Professional headshot of Gretchen Perhamus, co-author of "Adapting School-Based Research Procedures to a Post-COVID World."

Gabriela Memba & Gretchen Perhamus

Adapting School-Based Research
Procedures to a Post-Covid World

by Gabriela Memba, MA & Gretchen Perhamus, MA
State University of New York at Buffalo


When considering the past year and a half, the list is endless regarding how COVID-19 has changed the way we go about our lives. Just as individuals were forced to adapt to this new world, so did the practices of research.  Like many, our own lab’s data collection and recruitment came to a grinding halt in those first few weeks of the lockdown. As the severity of the pandemic became more clear with each passing day, we were forced to reevaluate our current approaches.

As a social development lab that works with youth in early childhood, our methods of recruitment typically involved going to preschools and interacting face-to-face with teachers, students, and administrators. Given that we were still in the midst of recruitment during the onset of the pandemic, we quickly ran into our first challenge: How were we to recruit preschoolers if we couldn’t go inside the preschools? This was made even more challenging given that preschool enrollment across the country had drastically dropped during the pandemic (Crawford et al., 2021).

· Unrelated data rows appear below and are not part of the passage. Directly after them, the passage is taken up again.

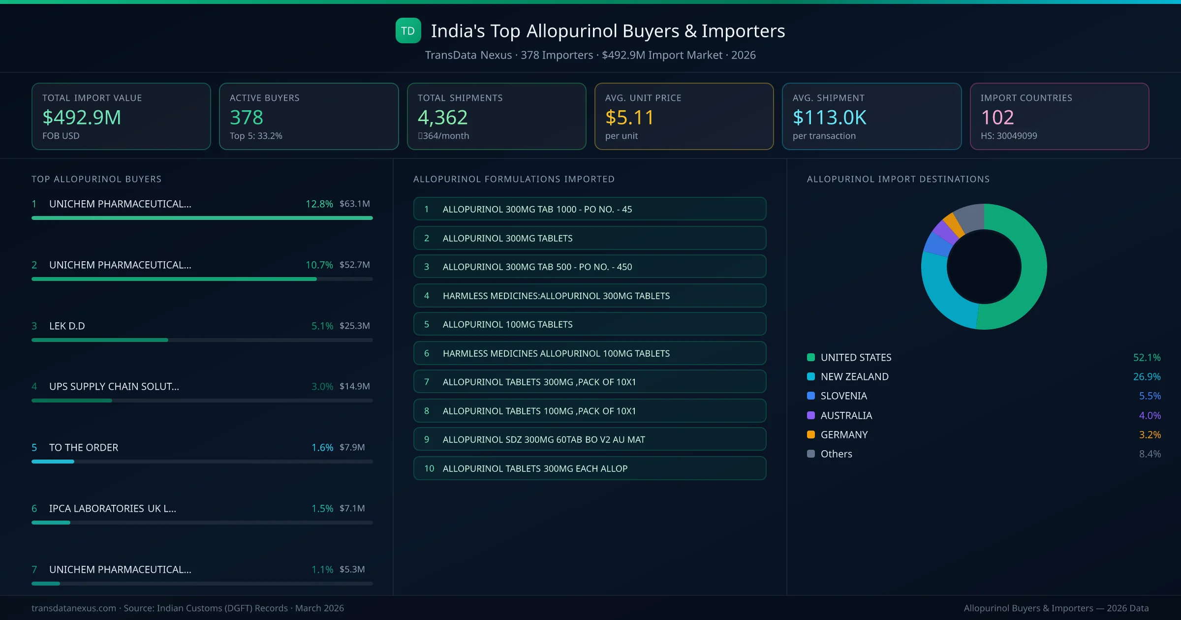 Who Buys Allopurinol from India — 378 Importers Behind a $492.9M Market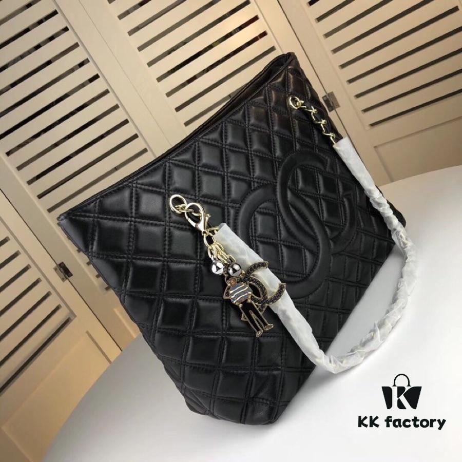 Chanel Robot Pendant Zipper Tote Bag Soft Lambskin Shopping Bag with Double C Logo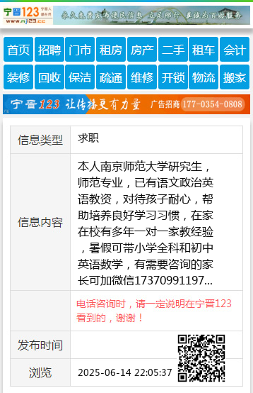 本人南京师范大学研究生,师范专业,已有语文政治英语教资,对待孩子耐心,帮助培养良好学习习惯,在家在校有多年一对一家教经验,暑假可带小学全科和初中英语数学,有需要咨询的家长可加微信17370991197 【电话咨询时,请一定说明在宁晋123看到的,谢谢!】 |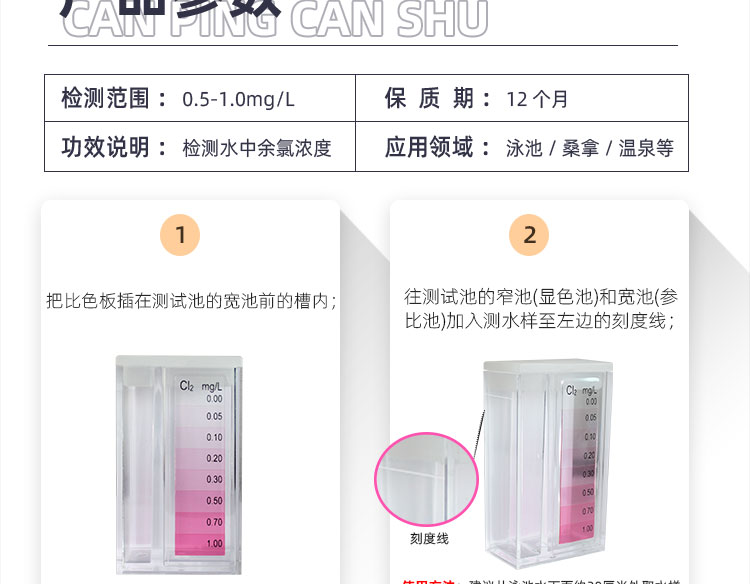 1,用比色皿在泳池水面下約20厘米處取水樣至刻度線;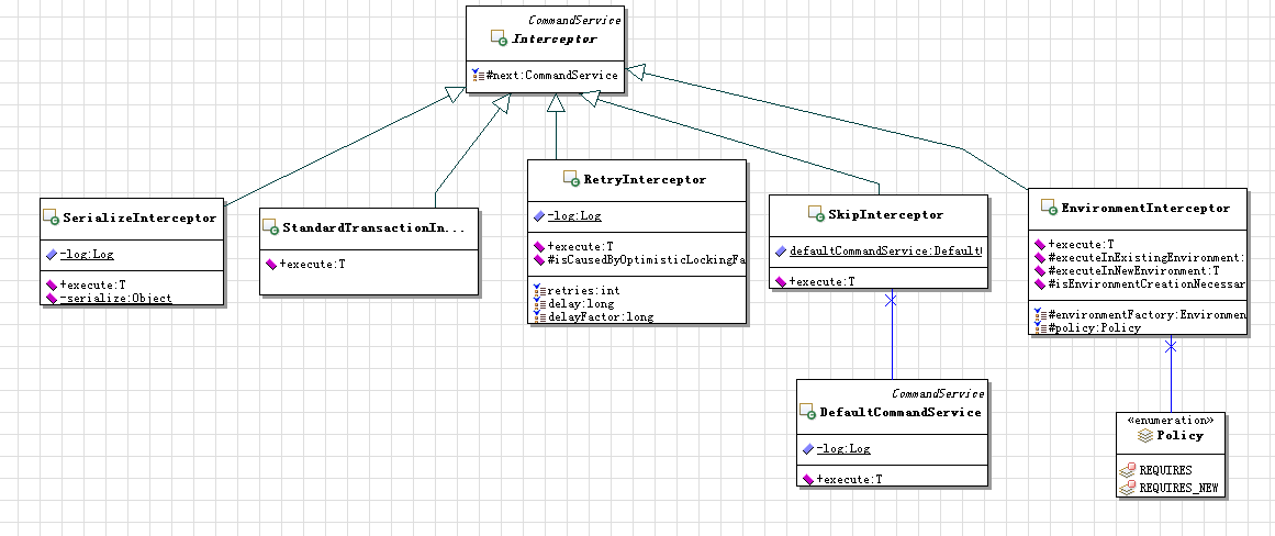 下面结合JBPM的拦截器代码简单介绍一下这个模式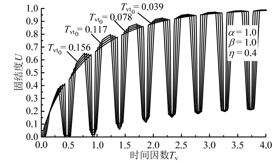 (3) 界面参数不变时,加荷系数Tvt0越小,在每个循环荷载作用周期内,荷载的加卸荷阶段的加卸荷速率越大,固结速度越快,恒载作用时间越长,固结度变化范围越大。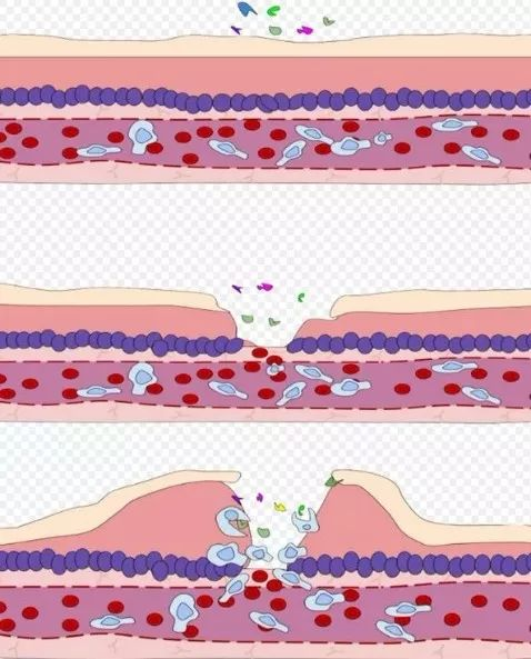 血管扩张,通透性增加,白细胞在患处聚集,这些都是保护性的炎症反应。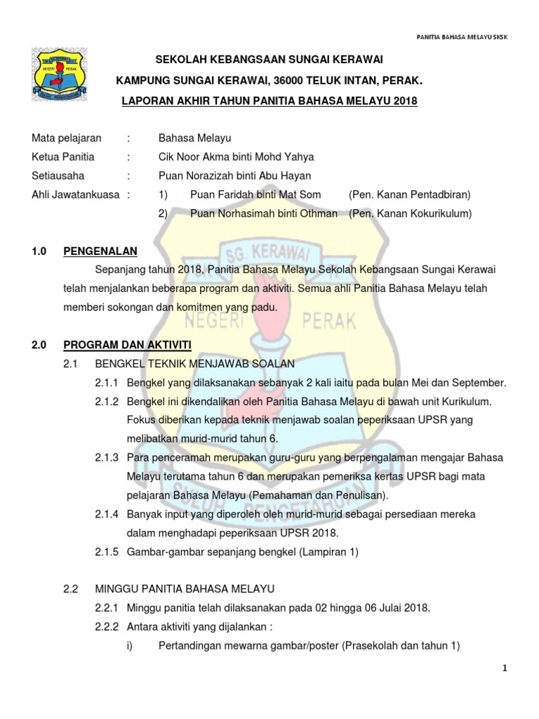 Laporan Akhir Tahun Panitia Bahasa Melayu Sksk 2018 Pdf

In addition, we were faced with the challenge of continuing data collection when most of our procedures were designed to take place in-person. For instance, we would go into preschools to provide questionnaires for teachers and administer assessments to their students. We also utilized psychophysiological data collection methods including collecting saliva and measuring heart rate. Given the increased stress experienced by teachers and parents nationwide (Crawford et al., 2021; Russell et al., 2020), it was also important for us to minimize the burden of our procedures. Although we hoped to return with everything back to normal, it became clear that this would not be the case – and so, instead, we adapted.
 
Here are reflections on strategies that our lab embraced in navigating these changes:
 

  1. Broadened our reach. With enrollment down significantly nationwide (Crawford et al., 2021; Zhang et al., 2021), and schools navigating rapidly changing guidance (Hashikawa et al., 2020), expanding the number of schools we were recruiting from was crucial. For instance, we expanded our recruitment to approximately twice as many schools as we were involved in pre-pandemic in order to approach earlier levels of participation.
  2. Moved data collection out of the school context to reduce the burden on teachers and school administrators.  For us, this meant transitioning to virtual interviews and having parents complete physiological data collection from home. To reduce the burden placed on parents, we also added new documents and training information to our website (including training videos for parents completing data collection, guides to using Zoom, etc.). In making this shift, we had to adjust our assessment protocols, develop digital stimuli, and determine new ways of working with biospecimens (i.e., saliva and nail samples) to allow for home collection while maintaining the integrity of the samples. We worked closely with our consultants to make sure decisions were evidence-based when possible, and did our best to balance  needed adjustments with maintaining continuity with data collected in the schools pre-pandemic.
  1. Increased staff availability and flexibility to support parents in their increased roles in data collection. To increase availability for parents, staff were in touch with families via text, phone, and email. We also expanded our availability to evenings and weekends to better accommodate parents’ schedules.
  1. Asked teachers and parents what will work best for them. Although as researchers we are the experts on our projects and their methodology, parents and teachers are the experts on their own and their children’s needs. When deciding whether or not adjustments to data collection procedures are needed, and what might be most helpful, go to the source. For instance, during pilot rounds of home saliva collection, our parents let us know that a demonstration of the procedures would be helpful, so we developed instructional videos posted on our website for all families to view. In contrast, although we initially feared that schools would not be comfortable with us coming into the buildings to pass on consent forms and that we would have to dramatically change our recruiting methods, the majority of schools were able to work with us to develop Covid-safe ways to distribute consent forms as usual.
  1. Don’t forget your staff. Undergraduate RAs, graduate students, and PI’s were coping with the same uncertain and tiring circumstances as participants. While prioritizing the needs of volunteer research participants may maximize the quantity of data collected, the quality of the data will suffer if project staff are burnt out. Maintaining limits and taking time to reflect on and validate the difficulty of forging ahead with research during unprecedented times was crucial.

 
We hope by sharing these lessons learned, future projects can also take advantage of these strategies in this changing age of research.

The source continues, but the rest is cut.